Alan:这是迄今为止关于60年代研究基金资助和社区最好的书了。我们这个时代或任何一个时代都能因这本书而得到更充分的滋养。例如,真正亟待解决的不是“大数据”,而是“大智慧”,不是“机器学习”,而是“机器思考”。而许多投资者愿意花大笔金钱去研究的所谓“梦想机器”实际上是“寻找问题”,而非“解决问题”的机器——今天要做的还有许多。

你未来会给这份书单来个升级版吗?

Alan:有许多其他清单书目需要慢慢完成。最基本的作用在于它们能带来“多重角度”,以及并非所有的思维角度在种种情境之下都能同样有效。最初我提供的书目是给“商务人士”。儿童则需要其他书目,不同的人有不同需求。

阅读很重要的一个特色就是可以产生愉悦感,尤其是当你见到一本恨不得马上就读的书。曾经,我每年都读好几百本书,直到我开始念高中,我不喜欢老师为我们挑选的书目。我觉得,与其让学生就特定“主题”阅读老师推荐的书籍,不如让学生自己去图书馆浩瀚的馆藏中自行挑选。这能让学生更好地就特定主题进行趣味性探讨。但最终也没落实,所以我放弃了,于是像班上的其他学生一样,读起了所谓的“经典喜剧”(后来我的确抽出时间来阅读那些“挑选书目”)。

Mortimer Adler曾编选“西方世界伟大名著”(The Great Books of the Western World,共60本)。除这些书外,他还挑选了102本所谓的“伟大思想凝结成的著作”,每本书他都写了篇书评,并且与之前的“伟大著作”系列进行了组配索引,后来将这些论文发表在了两卷《Syntopicon》中。

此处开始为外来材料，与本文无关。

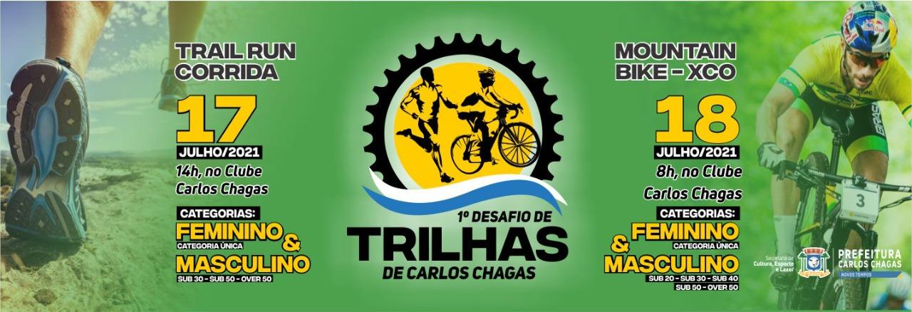 1° Desafio de Trilhas de Carlos Chagas - MG (Mountain Bike - XCO) Data: 18/07/2021 Horário da largada: 08:00h Categorias: Sub 20- Sub 30 - Sub 40 - Sub 50 - Over 50 e Feminino - (Pódio do 1° ao 5° colocado) Premiação em dinheiro para os três menores tempos da volta pelo App Strava. Inscrição: 2Kg de alimento não perecível. Local de largada: Clube Carlos Chagas

从这一意义来说,我为Anderson咨询公司提供的清单书目就太短了。所谓的“伟大著作”也是如此:书目也太短了。另外一种办法是所谓的“津桥”法(Oxbridge approach)——挑选“四个”最重要的尽量宽泛的主题,进一步向内推敲,直到遇到真正有价值的“干货”。

“津桥”之道的一部分就是有位“阅读推荐师”,专门负责帮你挑选阅读书目,对你来说,这样的人是无比重要的财富。

归结成一句话:广泛阅读。

你曾说自己最喜欢的电子游戏是Rocky’s Boots,对于那些学习编程的人,你有没有游戏可以推荐?

Alan:我可能跟不上电子游戏的潮流了,所以给不出好答复。过去我喜欢的Rocky’s Boots,因为游戏的内容和理念都挺新奇有趣——两者配合得天衣无缝。我也挺喜欢这个游戏的后续版本Robot Odyssey,后来我建议TLC公司的同事用类似商标而非洛基的电路图来表现机器人语言(后者与表现需求不太吻合)。我的确尝试让信奉马克思主义的人将Sim City打造成一个以规则为依托的体系,孩子们也可以加入编程,这样他们就能更好的了解发电机原理,并且进行改造(只能靠努力,不靠运气)。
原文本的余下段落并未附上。